Assigned task =
Beginning with the line that contains "The woman in", print each line to the end of the data exactly. Omit the pictures.

Recorded information =
___
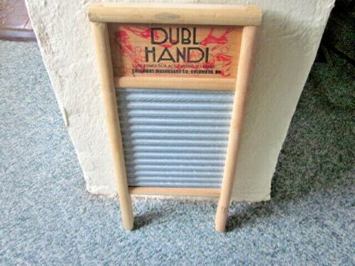 Title (ebay affiliate link): Vintage Travel DUBL HANDI Washboard Co. Columbus, Ohio.. Wood & Metal MINT
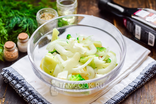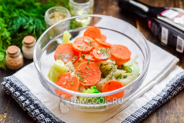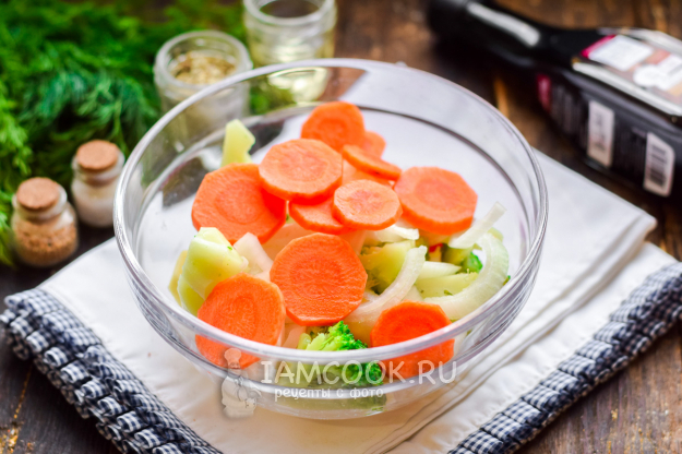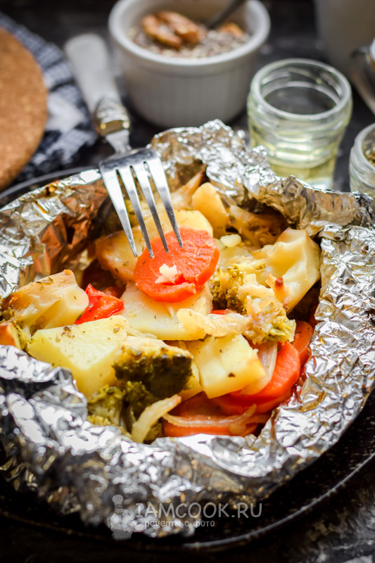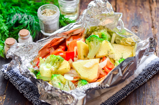 Расстелить на рабочей поверхности фольгу, сделать бортики, переложить в фольгу овощной микс.
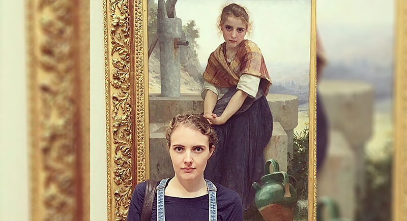The woman in front of the painting appears to have stepped straight out of it with the same expression, posture, and even hairstyle. The artwork in the background is “The Broken Pitcher” by 19th-century French painter William-Adolphe Bouguereau, renowned for his detailed, lifelike portraits that idealized rural youth and innocence.
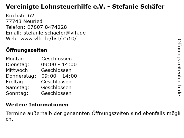 Branchen & Suchbegriffe zu Vereinigte Lohnsteuerhilfe e.V. - Stefanie Schäfer:e.v., lohnsteuer, lohnsteuerhilfe, schäfer, stefanie, steuer, vereinigte |
___
Response area =
The woman in front of the painting appears to have stepped straight out of it with the same expression, posture, and even hairstyle. The artwork in the background is “The Broken Pitcher” by 19th-century French painter William-Adolphe Bouguereau, renowned for his detailed, lifelike portraits that idealized rural youth and innocence.
 Branchen & Suchbegriffe zu Vereinigte Lohnsteuerhilfe e.V. - Stefanie Schäfer:e.v., lohnsteuer, lohnsteuerhilfe, schäfer, stefanie, steuer, vereinigte |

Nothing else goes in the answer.